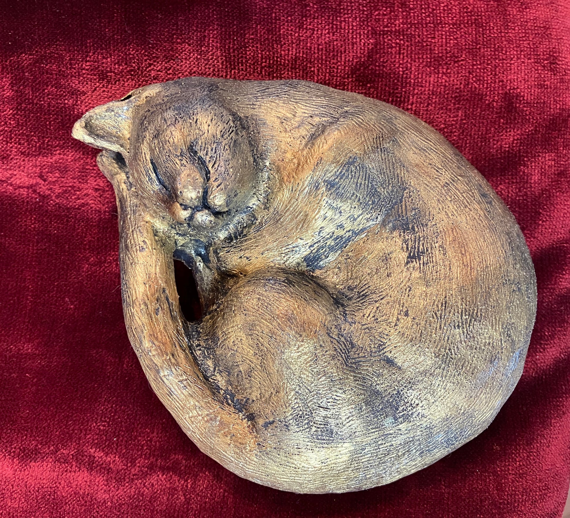 Original sculpture of a sleeping cat, curled into a rounded form. Ella is 5 inches round, cast in hard plaster, and hand painted by the artist. Limited edition, signed and numbered.
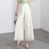 Calças de Perna Larga com Fenda para Mulheres 2025 Novo Branco Cintura Alta Soltas Emagrecendo Verão Calças Culotes Chiffon Fluido Calças Nove Pontos
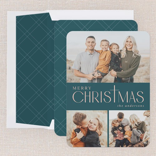 Send a Christmas card friends and family will love. Add your own greeting and everyone's names. There's room for more photos and wishes on the back, too.

Your task:
Exactly as given, set down each line of the material, but include no pictures.

Solution:
 Original sculpture of a sleeping cat, curled into a rounded form. Ella is 5 inches round, cast in hard plaster, and hand painted by the artist. Limited edition, signed and numbered.
 Calças de Perna Larga com Fenda para Mulheres 2025 Novo Branco Cintura Alta Soltas Emagrecendo Verão Calças Culotes Chiffon Fluido Calças Nove Pontos
 Send a Christmas card friends and family will love. Add your own greeting and everyone's names. There's room for more photos and wishes on the back, too.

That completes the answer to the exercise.